Left and Right

America’s Polarization Has Nothing To Do With Ideology

Conservative author George Hawley on why the Left/Right Red/Blue Alt-Right/Antifa tribal civil war is a smokescreen. Economics and social class aren’t the main issues either. Americans largely agree on those issues. My advice to ATS supporters and readers is to avoid being distracted by these “issues,” and keep your eyes on the prize. It is the system that is our enemy, and it is the largely non-ideological but anti-establishment “radical center” we need to reach at this point.

By George Hawley

The American Conservative

Although a seemingly simple concept, the issue of polarization has long frustrated political scientists. A superficial examination of the American political scene suggests an intensely polarized electorate, divided along partisan and ideological lines. Watching cable news, we see competing camps that have few points of agreement, with anger the dominant emotion. Yet a dive into public opinion on questions of policy tells a different story.
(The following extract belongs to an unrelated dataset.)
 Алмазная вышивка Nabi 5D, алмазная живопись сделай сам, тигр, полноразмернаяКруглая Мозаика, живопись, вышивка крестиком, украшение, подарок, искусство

In 2004, Stanford University political science professor Morris Fiorina and his colleagues persuasively argued that Americans are not bitterly divided on the most contentious policy questions, that in fact Americans lack true ideological convictions. Their argument today remains as sound as ever.
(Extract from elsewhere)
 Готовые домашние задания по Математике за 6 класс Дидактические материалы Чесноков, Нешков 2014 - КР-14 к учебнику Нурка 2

The claim that most of us have a coherent bundle of ideological constraints that inform our policy preferences and voting choices has little empirical support. The number of consistent liberals and conservatives in the electorate remains very small. The Bible-thumping, pro-war, free-market purist is a rare creature. So is the gun-grabbing, abortion-loving, socialist atheist. Perfect conservative and liberal stereotypes are hard to find in the real world.

Especially on economic issues, Americans exhibit a remarkable consensus, for better or for worse. Across the partisan divide, most people endorse a form of welfare capitalism—we just disagree on the minutia of tax policy, regulation, and the strength of the social safety net.